明明自己沒有本事,卻在家裡充當大爺。在外面卑躬屈膝,卻在家裡作威作福。
明明有些事情可以好好說,非要端個架子。
有些事明明做的不對,可絕對不肯認錯。
大眼覺得,怎麼會有這樣的爹,怎麼會有這樣的家。
本來他還有個娘親,還有個疼他的姐姐。
可現在他寧可沒有這個姐姐。十四歲的他恨透了這個食古不化的爹,也恨透了這個家。
王老漢氣得渾身直發抖,麻繩粗細的藤條,就這樣狠狠地抽在大眼的身上,每抽一下,王婦的心就像是被狠狠地揪了一下。
「你服不服?」王老漢的聲音都有些顫抖。
藤條抽在大眼的身上,聲聲入耳,他的額頭已全都是汗,背上的衣服都已被打的撕裂,可大眼還是緊緊地咬著牙,不肯認錯。
「老王,別打了。」王婦實在看不下去了,她拉住王老漢的胳膊,想讓他住手。
「我問你,肯不肯認錯?」
「我沒錯。」
「我打死你這個不孝子……」
王老漢氣得直發抖,他的手又舉起了藤條,可這一次,藤條卻沒有抽到他的身上。
藤條在他出手的一瞬間,就已經斷成了兩半,啪一聲掉在了地上。
王老漢舉著手中的那個斷了一半的藤條,愣住了。
他愣了半天,才發現屋外不知道什麼時候多了一個年輕人。
那個年輕人靠在一棵柳樹旁,手裡提著一個酒罈,斜著眼看了過來。
王老漢一眼就看到了他腰間的佩劍,就知道他是個練武的人。
大眼自然也看到了。他看向洛長元,滿臉震驚:「這根藤條是你弄斷的?」
洛長元笑了笑:「是我。」
他又去看王老漢:「打人可以,但你該讓他把打架的原因說清楚。」
王老漢只好又去看大眼,大眼卻不去看他。
大眼竟然徑直朝著洛長元的方向跪了下來,隨後朝他磕了一個響頭:「求求大俠,收我做徒弟吧。

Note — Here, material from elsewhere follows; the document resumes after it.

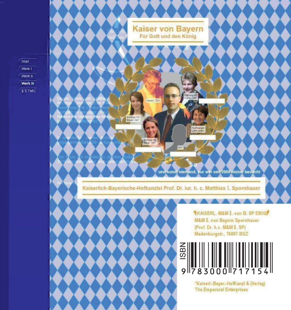 | Schlagworte | Fuer Gott und den Koenig • FuerGottunddenKoenig/ Kaiser&in • Für Gott und den König • FÜR GOTT UND DEN KÖNIG/ KAISER&IN • Für Gott und den König/ Kaiser&in M&M I. von B. SP • Kaiserin Margarita I. von B. SP • Kaiserin von Bayern • Kaiserlich- Bayerische- HofKanzlei Prof. Dr. iur. h.c. Matthias I. Spornhauer HofKanzl & (Verlag) • Kaiserlich- Bayerische- HofKanzlei Prof. Dr. iur. h.c. Matthias I. Spornhauer RechtsanwaltsKanzlei • Kaiserlich- Bayerische- HofKanzlei Prof. Dr. sc.mus. h.c. / Kaiserin Margarita I. Spornhauer Prof. Dr. iur. h.c. / Kaiser Matthias I. Spornhauer HofKanzl & (Verlag) • KAISERL. M&M I. VON B. SP • KAISER MATTHIAS I. VON B. SP • Kaiser von Bayern • Margarita • Matthias • Prof. Dr. h.c. M&M I. Spornhauer • ROM Pd 3.5.2020/21 • Spornhauer • Spornhauer, Margarita • Spornhauer, Matthias • The Emperoral Enterprises |

」
洛長元聽到大眼的話,愣了一下,他是一個捕手,一個在黑暗中覓食的禿鷲,像他這種人,又怎麼會收徒弟呢?
王老漢聽到大眼的話,更是氣得渾身直發抖。
在他看來,武力都是累贅,行俠仗義更是他媽的放屁,老老實實種地拉貨,不比學武強。
遠的不說,就說近的。連顧石星大人手下的無敵鐵手和素雞,那麼高的武功,說死也就死了。

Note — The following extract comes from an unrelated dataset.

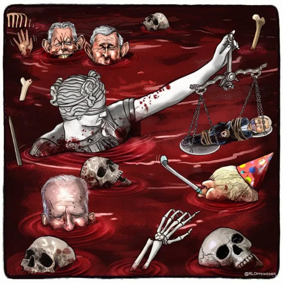 The egotistical, arrogant, interfering and murderous empire of the West is about to die by its own hand. Its leaders will fall like ninepins if there is any justice combined with a goodly level of insight that sees through the spin designed to gloss over their idiocy that brought about defeat. There will be no true escape for those scurrying around looking for shelter. They may burrow themselves away in grotesque fantasies mirroring the actions of George W. Bush after his comeuppance was avoided along with that of Anthony Blair. But the inner awareness of their guilt cannot so easily be avoided, nor can the catastrophic consequences for their nations.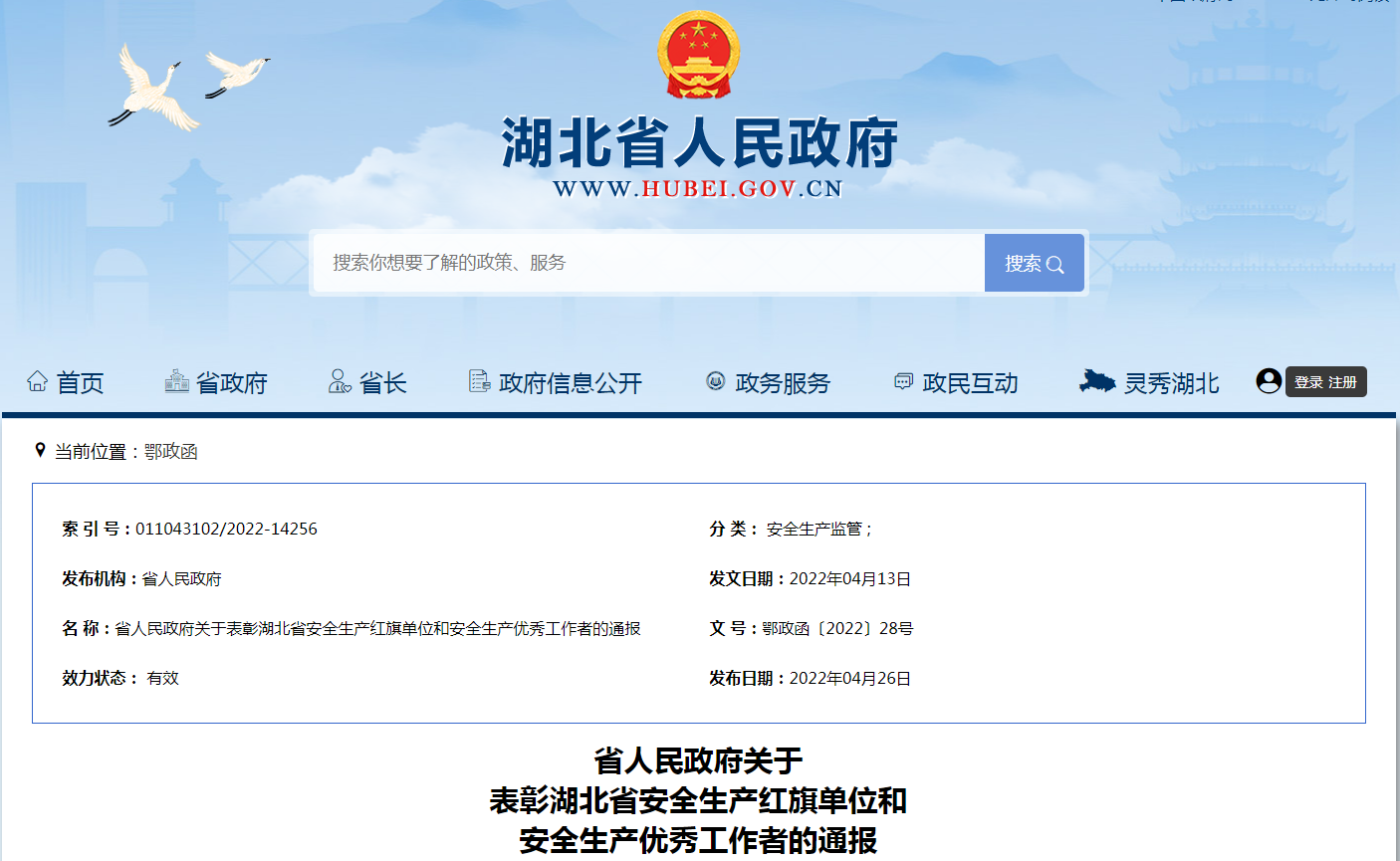 近日,省政府印发《关于表彰湖北省安全生产红旗单位和安全生产优秀工作者的通报》,近年来,全省坚持以习近平新时代中国特色社会主义思想为指导,深入学习贯彻习近平总书记关于安全生产重要论述,认真落实党中央、国务院决策部署和省委、省政府工作要求,在工作中,涌现出一批严格遵守安全生产法律法规,认真履行安全生产工作职责,积极推动安全生产工作的红旗单位和优秀工作者,为维护人民群众生命财产安全和社会稳定,促进全省经济社会高质量发展作出了积极贡献。经省委、省政府同意,授予省建设工程质量安全监督总站等50个单位“湖北省安全生产红旗单位”称号。

王老漢一直覺得讓自己兒子不事農桑,考取功名是最佳的選擇。可沒想到大眼今天盡然開始造起了反,逃學、打架,現在還要拜一個來路不明的人為師。
他簡直要氣瘋了。
可他又不敢直接和這個年輕人起衝突。
好在年輕人的下一句話,讓他舒了一口氣。
「我不收徒,你起來吧。」
大眼卻還是跪在那裡,頭埋在地上,朝著洛長元的方向,既不肯說話,也不肯起來。
洛長元看到他這個樣子,苦笑一聲:「我從來都不收徒,你還是起來吧。」
大眼仍然不肯起身,他伏在地上,又重重地磕了一個響頭。
他簡直比驢還要倔。
洛長元只好喝酒。
王老漢則是站在原地不知所措,只有王婦默默地走過去,想要將大眼從地上扶起來。
可大眼還是不肯起來。
王婦看著大眼鼻青臉腫的模樣,心裡跟針扎了一樣難受:「娃啊,你不好好讀書,打什麼架啊,又要拜什麼師,學什麼武啊。」
「他們罵人。」大眼抬起頭,看向王婦,雙眼通紅,鼻子都在出氣。
「誰罵人?」
「二狗,二狗他們罵人。」大眼咬緊了牙齒。
王婦問:「他們罵你什麼了?」
「他們沒罵我。」
王婦又問:「那他們罵誰了?」
洛長元又灌了一口酒,道:「他們罵的是她的姐姐。」
聽到這一句,大眼臉上的恨意更重了。
就連遠處王老漢的身子都不自覺地抖了一下。
王婦趕緊問大眼:「他們罵曉鳳什麼了?」
她的話音剛落,只聽到一陣沉重的腳步聲傳來,緊接著一個髯須大漢大步往這個方向走來,他的身後跟著一個年齡和大眼差不多大的小男孩,鼻青臉腫,滿臉是血。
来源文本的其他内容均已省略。